◆ **Information**:

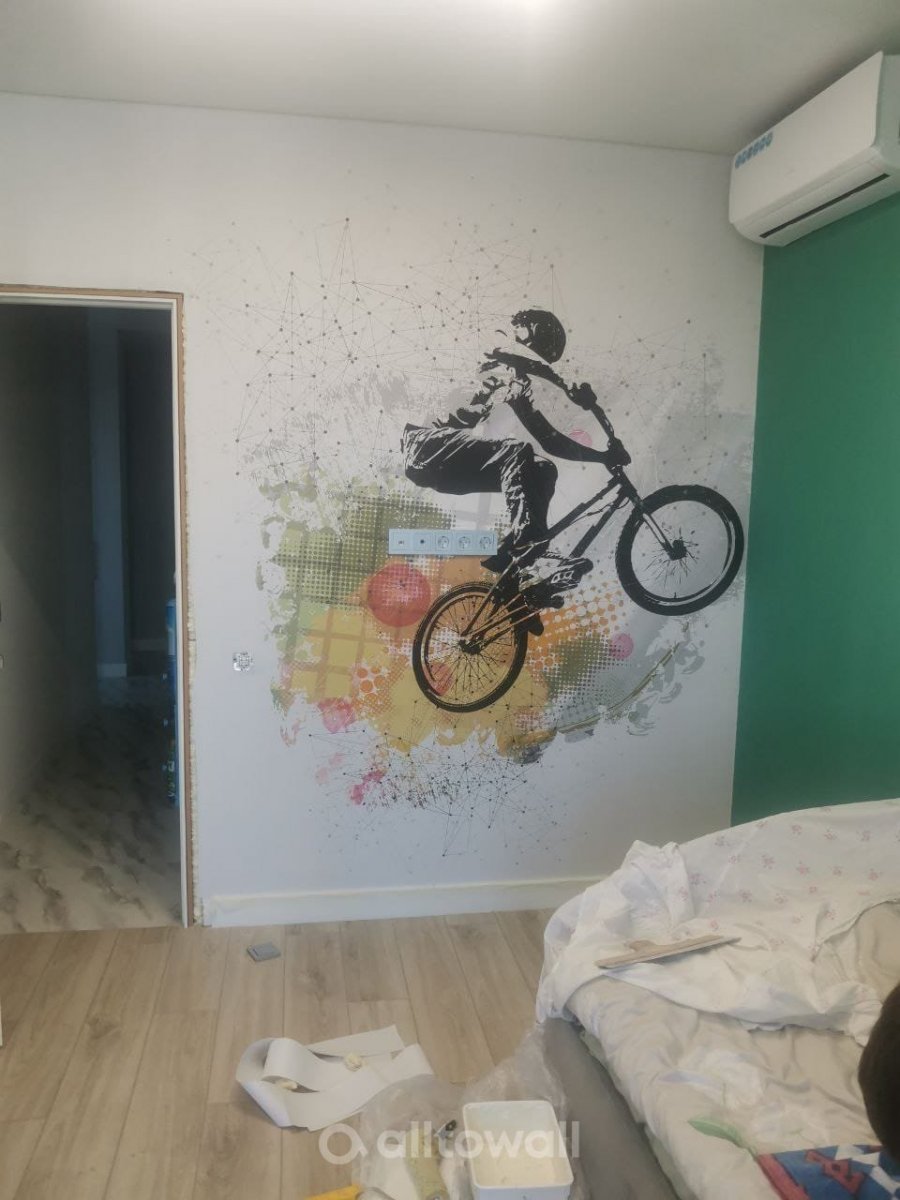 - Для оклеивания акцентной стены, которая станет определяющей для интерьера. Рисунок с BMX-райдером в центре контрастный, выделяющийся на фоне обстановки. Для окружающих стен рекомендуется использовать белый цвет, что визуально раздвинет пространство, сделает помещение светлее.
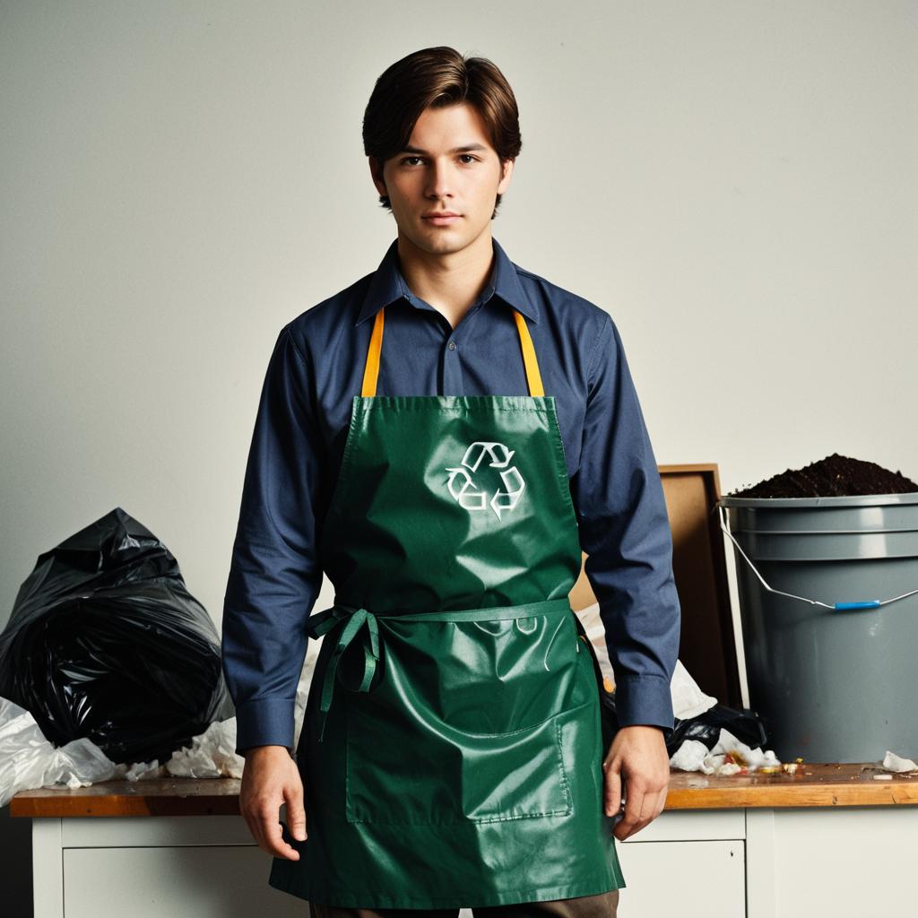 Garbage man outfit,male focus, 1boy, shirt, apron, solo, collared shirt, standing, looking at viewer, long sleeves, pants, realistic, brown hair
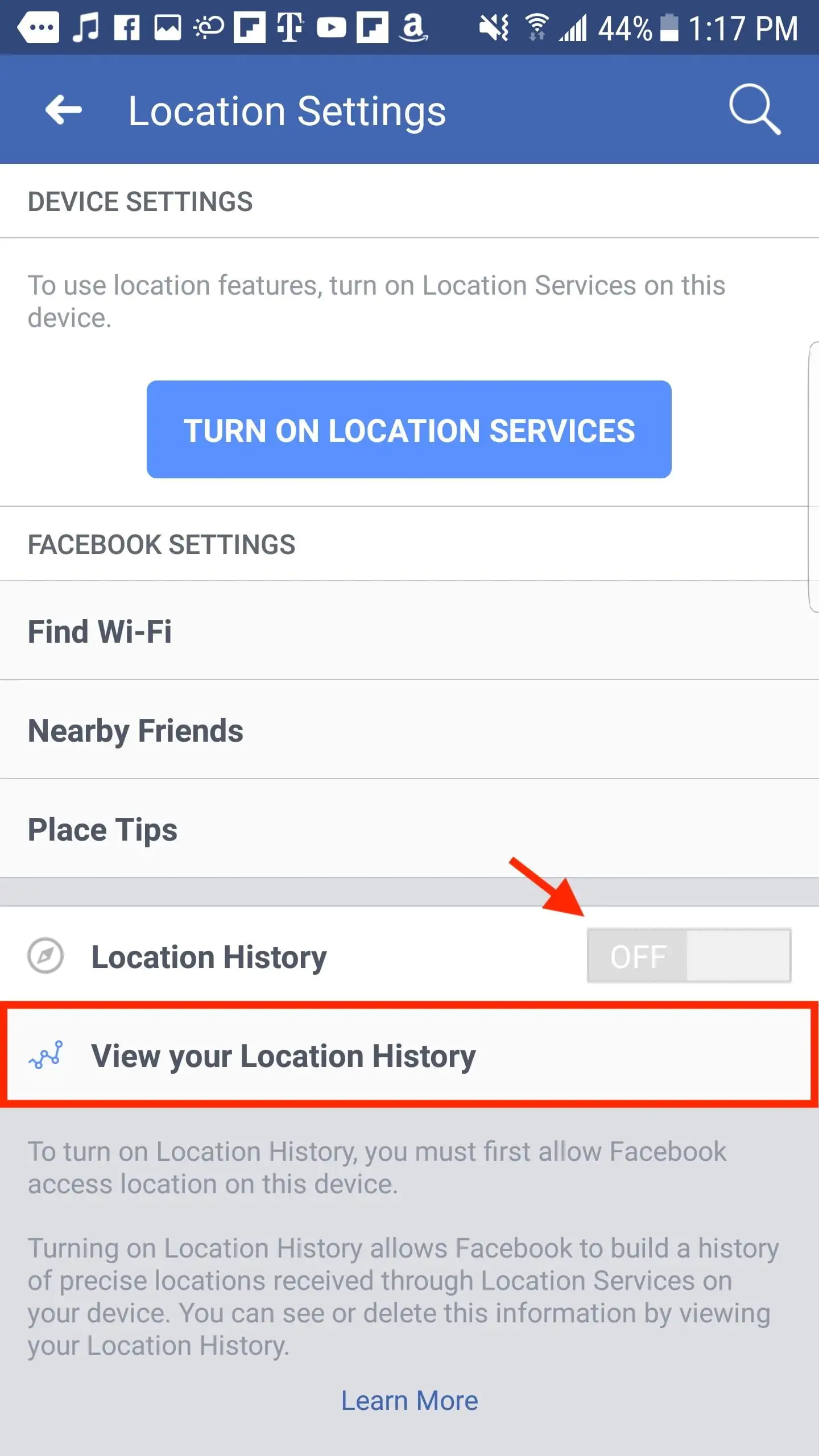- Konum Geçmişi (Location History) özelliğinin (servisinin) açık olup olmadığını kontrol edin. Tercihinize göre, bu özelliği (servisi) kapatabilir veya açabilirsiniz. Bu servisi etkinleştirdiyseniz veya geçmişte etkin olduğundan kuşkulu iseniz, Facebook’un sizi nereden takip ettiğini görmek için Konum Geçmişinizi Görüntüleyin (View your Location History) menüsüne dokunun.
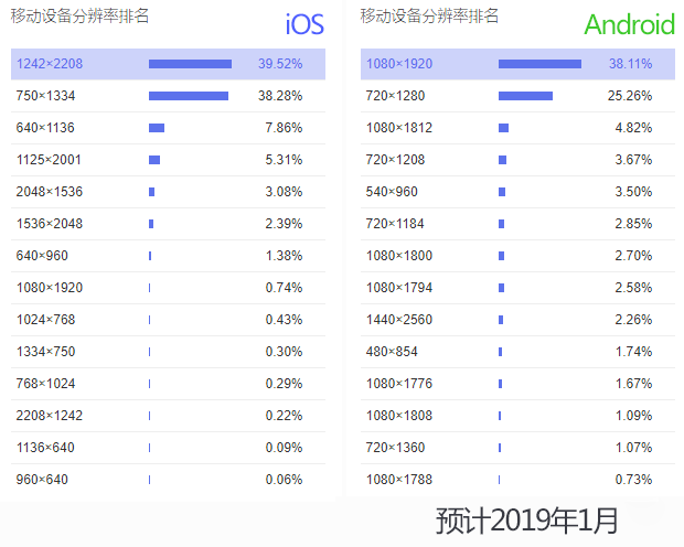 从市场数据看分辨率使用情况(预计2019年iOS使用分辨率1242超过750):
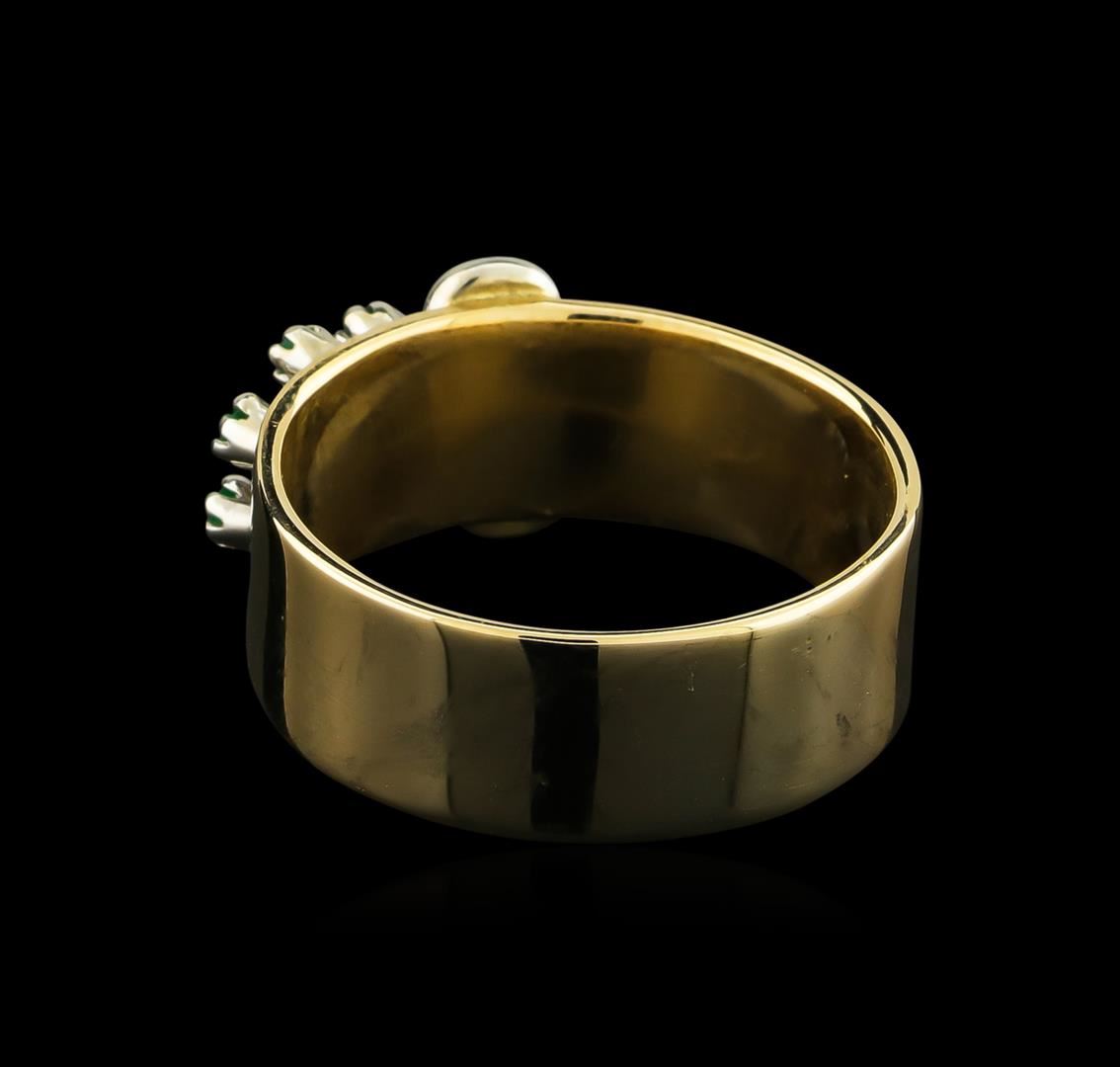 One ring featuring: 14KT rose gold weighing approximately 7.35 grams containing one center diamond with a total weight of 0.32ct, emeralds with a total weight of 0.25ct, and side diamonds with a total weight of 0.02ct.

◆ **Activity**:
Working from the data above, repeat exactly, and only, the lines that begin at the line containing "- Konum Geçmişi" and stop after the line containing "从市场数据看分辨率使用情况(预计2019"; pictures are not copied.

◆ **Response to this task**:
- Konum Geçmişi (Location History) özelliğinin (servisinin) açık olup olmadığını kontrol edin. Tercihinize göre, bu özelliği (servisi) kapatabilir veya açabilirsiniz. Bu servisi etkinleştirdiyseniz veya geçmişte etkin olduğundan kuşkulu iseniz, Facebook’un sizi nereden takip ettiğini görmek için Konum Geçmişinizi Görüntüleyin (View your Location History) menüsüne dokunun.
 从市场数据看分辨率使用情况(预计2019年iOS使用分辨率1242超过750):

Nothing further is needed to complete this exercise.